# Analysis of High Intensity Interval Training with R

High Intensity Interval Training has gained great prominence in recent years. This type of training intersperses short periods of very intense exercise with periods of more gentle exercise to recover. Rachel is a fan and uses a version where she does 6 one minute all out sprints separated by 5 one minute walks. The running app we use (Runkeeper) produces a graph of speed (or pace) vs time but smooths the graph to a sinusoidal curve rather than something more akin to a square wave. She asked me if I could do some analysis. In particular she wanted to know whether her first minute run, when she was fresh, was faster than the rest.

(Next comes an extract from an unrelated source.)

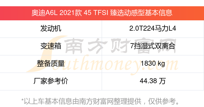 在动力方面,奥迪A6L 2021款 45 TFSI 臻选动感型搭载的是一台2.0T224马力L4涡轮增压发动机,匹配7挡湿式双离合自动档变速箱,燃料形式为汽油,常规整备质量1830kg,厂家参考价44.38万元。

Fortunately it is very easy to download the gpx file for the run from the Runkeeper website. Reading this in to R is straightforward using readGPX from the plotKML package. A bit of processing gives a data frame of longitude, latitude, elevation and time. Adding the lagged data for longitude, latitude and time gives me everything I need in each row of the data frame to calculate the speed between that time and the previous time.
Plotting the speed vs time has the expected pattern with the periods of running and walking very clear. There is a fair amount of scatter, presumably because the gps is not that accurate over short times and distances – hence the smoothing in the first place.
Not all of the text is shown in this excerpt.